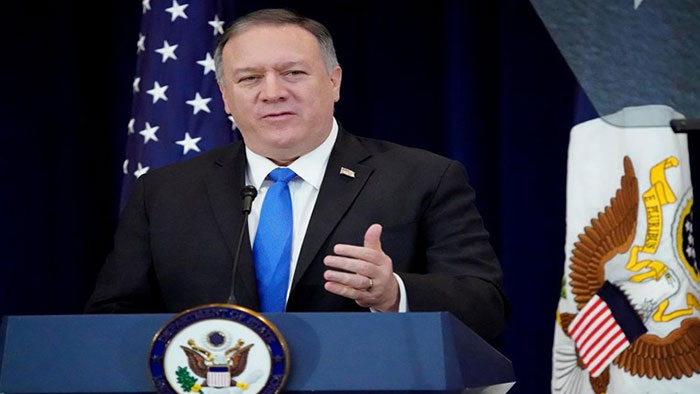 مایک پمپئو در واکنش به سخنان خامنه‌ای که گفته بود امریکا ویروس کرونا را برای نابودی ایرانی‌ها و بر اساس ویژگی‌های ژنتیکی ایرانی‌ها تولید کرده، با انتشار بیانیه‌ای سخنان خامنه‌ای را خطرناک دانست و گفت چنین اظهاراتی مردم ایران و جهان را در معرض خطر بزرگ‌تری قرار می‌دهد. وزیر امور خارجه امریکا در این بیانیه ضمن اشاره به ادامه‌ی پرواز‌های خط هوایی ماهان به چین بعد از شیوع ویروس کرونا اظهار داشت ایران بااین اقدامات به گسترش ویروس در کشور کمک کرده است. مایک پمپئو همچنین ایران را عامل انتشار به دست‌کم پنج کشور مستقیما از ایران وارد دانست که جان میلیون‌ها نفر دیگر را به خطر انداختند.وی همچنین گفت رژیم ایران هشدارهای مکرر مقامات بهداشتی خود را نادیده گرفت و نخستین مورد مرگ ناشی از کرونا در آن کشور را دست‌کم به مدت نه روز انکار کرد. وی گفت شمار موارد ابتلا و مرگ نیز بسیار بیشتر از آن چیزی است که رژیم به آن اعتراف می‌کند وی همچنین گفت در حالی که مقامات رژیم ایران درخواست منابع مالی بیشتری کرده‌اند، یادآوری این نکته ضروری است که ایران از سال ۲۰۱۲ تاکنون بیش از ۱۶ میلیارد دلار صرف تامین مالی تروریسم در خارج از کشور کرده و از معافیت‌های تحریمی برجام برای پر کردن خزانه‌های نیروهای نیابتی‌اش استفاده کرده است. وی همچنین مقامات رژیم بیش از یک میلیارد یورو که به تهیه تجهیزات پزشکی تخصیص یافته بود را دزدیدند و به انبار کردن تجهیزات به شدت مورد نیازمانند ماسک، دستکش، و سایر تجهیزات پزشکی به منظور فروش آنها در بازار سیاه ادامه می‌دهند.وی همچنین اتهامات تحریم را رد کرد و گفت تحریم‌های ایالات متحده واردات محصولات غذایی، دارو، تجهیزات پزشکی، و دیگر اقلام بشردوستانه را در بر نمی‌گیرد. مدارک ایران نشان می‌دهد که شرکت‌های بهداشتی‌شان توانسته‌اند از ماه ژانویه تاکنون کیت‌های آزمایش را بدون هیچ‌گونه مانعی از لحاظ تحریم‌های ایالات متحده، وارد کنند.وی همچنین مدعی شد که امریکا بیش از صد میلیون دلار به کشورهای خارجی، از جمله به مردم ایران، پیشنهاد کمک پزشکی داده است اما خامنه‌ای این پیشنهاد را رد کرده چرا که او به طور خستگی‌ناپذیر برای جعل تئوری‌های توطئه و اولویت دادن ایدئولوژی بر مردم ایران تلاش می‌کند.
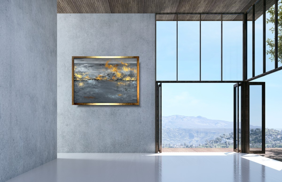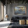 Obraz ręcznie malowany na płótnie „Marzenie” naszego autorstwa w spokojnej, stonowanej kolorystyce i złotej przecieranej ramie. Kolory użytej farby akrylowej dodają tajemniczości. Idealnie ozdobi nowoczesny salon czy modne biuro. Duży obraz do loftowego wnętrza a także wykonujemy obrazy marynistyczne, obrazy kwiaty, obrazy aniołów, obrazy dzielone – dyptyk, tryptyk, fortyk, obrazy jednoczęściowe w dużym formacie. Możemy namalować każdy obraz z naszej oferty w zmienionych wymiarach lub kolorystyce, możemy namalować obraz dzielony na jednej części lub obraz jednoczęściowy podzielić na kolka części.
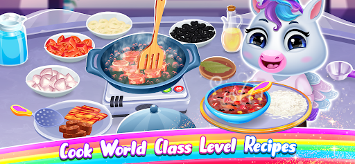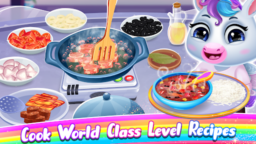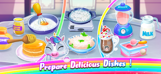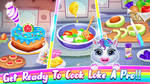 -Play fun games with little girl Unicorn and cook Delicious food.
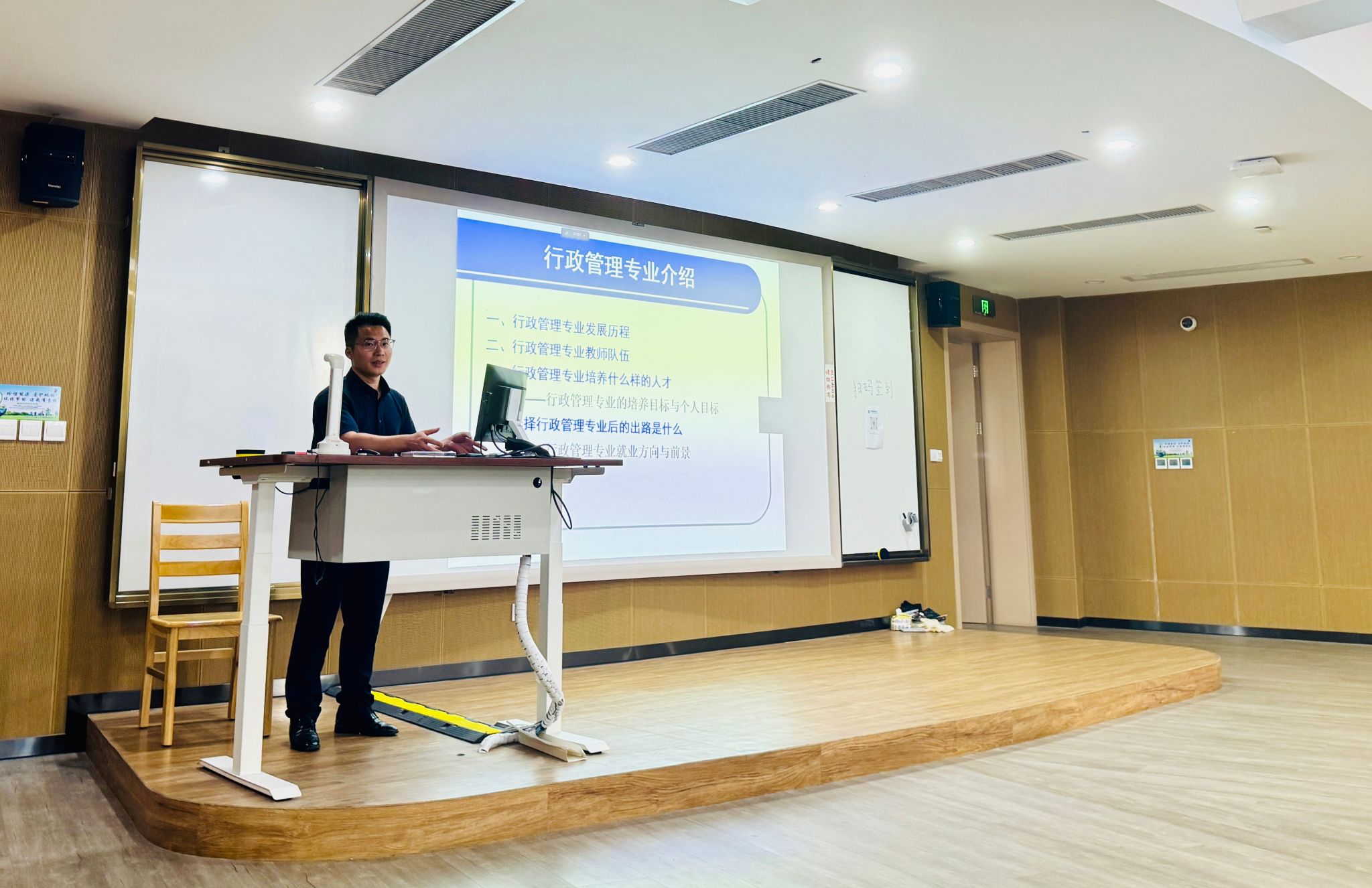 基本情况。随后,法律系系主任谢晓彬着重介绍了涉外法治人才培养的基础优势以及培养目标和总体思路、公管系系主任阳晓伟介绍了行政管理专业发展历程、主要学习内容、就业前景等内容。通过此次活动,同学们对专业有了更加深刻的认识与了解。
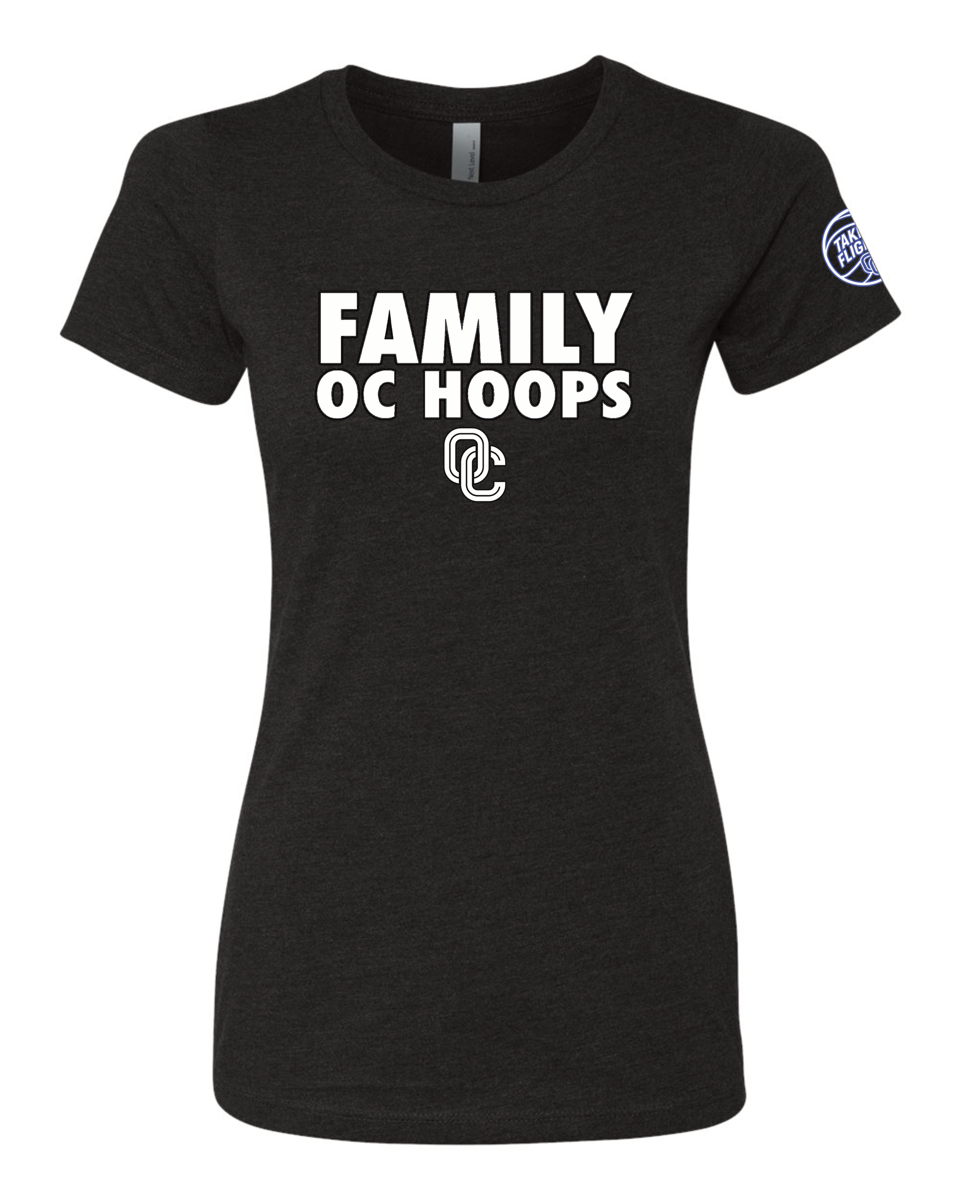 OC FAMILY Logo on the chest, OC Patch on left sleeve. Womens cut Nextlevel CVC tee.
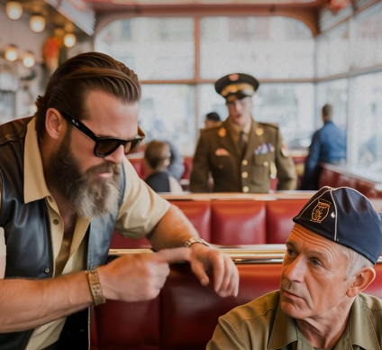 A group of bikers walked in, their leather jackets loud, their laughter louder. Most patrons glanced up briefly before returning to their meals—but one biker stopped, staring at the elderly man at the counter. He walked over, towering above the veteran, his sunglasses hiding his expression.
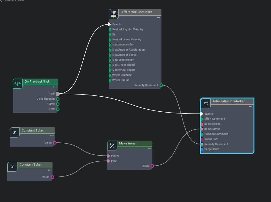 constant token을 input 0, 1에 이어준다. make array는 Articulation Controller의 Joint Names에 이어준다.!

* [Task statement]: Word for word, restate the records shown above, minus the pictures.

* [Answer to this task]:
 مایک پمپئو در واکنش به سخنان خامنه‌ای که گفته بود امریکا ویروس کرونا را برای نابودی ایرانی‌ها و بر اساس ویژگی‌های ژنتیکی ایرانی‌ها تولید کرده، با انتشار بیانیه‌ای سخنان خامنه‌ای را خطرناک دانست و گفت چنین اظهاراتی مردم ایران و جهان را در معرض خطر بزرگ‌تری قرار می‌دهد. وزیر امور خارجه امریکا در این بیانیه ضمن اشاره به ادامه‌ی پرواز‌های خط هوایی ماهان به چین بعد از شیوع ویروس کرونا اظهار داشت ایران بااین اقدامات به گسترش ویروس در کشور کمک کرده است. مایک پمپئو همچنین ایران را عامل انتشار به دست‌کم پنج کشور مستقیما از ایران وارد دانست که جان میلیون‌ها نفر دیگر را به خطر انداختند.وی همچنین گفت رژیم ایران هشدارهای مکرر مقامات بهداشتی خود را نادیده گرفت و نخستین مورد مرگ ناشی از کرونا در آن کشور را دست‌کم به مدت نه روز انکار کرد. وی گفت شمار موارد ابتلا و مرگ نیز بسیار بیشتر از آن چیزی است که رژیم به آن اعتراف می‌کند وی همچنین گفت در حالی که مقامات رژیم ایران درخواست منابع مالی بیشتری کرده‌اند، یادآوری این نکته ضروری است که ایران از سال ۲۰۱۲ تاکنون بیش از ۱۶ میلیارد دلار صرف تامین مالی تروریسم در خارج از کشور کرده و از معافیت‌های تحریمی برجام برای پر کردن خزانه‌های نیروهای نیابتی‌اش استفاده کرده است. وی همچنین مقامات رژیم بیش از یک میلیارد یورو که به تهیه تجهیزات پزشکی تخصیص یافته بود را دزدیدند و به انبار کردن تجهیزات به شدت مورد نیازمانند ماسک، دستکش، و سایر تجهیزات پزشکی به منظور فروش آنها در بازار سیاه ادامه می‌دهند.وی همچنین اتهامات تحریم را رد کرد و گفت تحریم‌های ایالات متحده واردات محصولات غذایی، دارو، تجهیزات پزشکی، و دیگر اقلام بشردوستانه را در بر نمی‌گیرد. مدارک ایران نشان می‌دهد که شرکت‌های بهداشتی‌شان توانسته‌اند از ماه ژانویه تاکنون کیت‌های آزمایش را بدون هیچ‌گونه مانعی از لحاظ تحریم‌های ایالات متحده، وارد کنند.وی همچنین مدعی شد که امریکا بیش از صد میلیون دلار به کشورهای خارجی، از جمله به مردم ایران، پیشنهاد کمک پزشکی داده است اما خامنه‌ای این پیشنهاد را رد کرده چرا که او به طور خستگی‌ناپذیر برای جعل تئوری‌های توطئه و اولویت دادن ایدئولوژی بر مردم ایران تلاش می‌کند.
 Obraz ręcznie malowany na płótnie „Marzenie” naszego autorstwa w spokojnej, stonowanej kolorystyce i złotej przecieranej ramie. Kolory użytej farby akrylowej dodają tajemniczości. Idealnie ozdobi nowoczesny salon czy modne biuro. Duży obraz do loftowego wnętrza a także wykonujemy obrazy marynistyczne, obrazy kwiaty, obrazy aniołów, obrazy dzielone – dyptyk, tryptyk, fortyk, obrazy jednoczęściowe w dużym formacie. Możemy namalować każdy obraz z naszej oferty w zmienionych wymiarach lub kolorystyce, możemy namalować obraz dzielony na jednej części lub obraz jednoczęściowy podzielić na kolka części.
 -Play fun games with little girl Unicorn and cook Delicious food.
 基本情况。随后,法律系系主任谢晓彬着重介绍了涉外法治人才培养的基础优势以及培养目标和总体思路、公管系系主任阳晓伟介绍了行政管理专业发展历程、主要学习内容、就业前景等内容。通过此次活动,同学们对专业有了更加深刻的认识与了解。
 OC FAMILY Logo on the chest, OC Patch on left sleeve. Womens cut Nextlevel CVC tee.
 A group of bikers walked in, their leather jackets loud, their laughter louder. Most patrons glanced up briefly before returning to their meals—but one biker stopped, staring at the elderly man at the counter. He walked over, towering above the veteran, his sunglasses hiding his expression.
 constant token을 input 0, 1에 이어준다. make array는 Articulation Controller의 Joint Names에 이어준다.!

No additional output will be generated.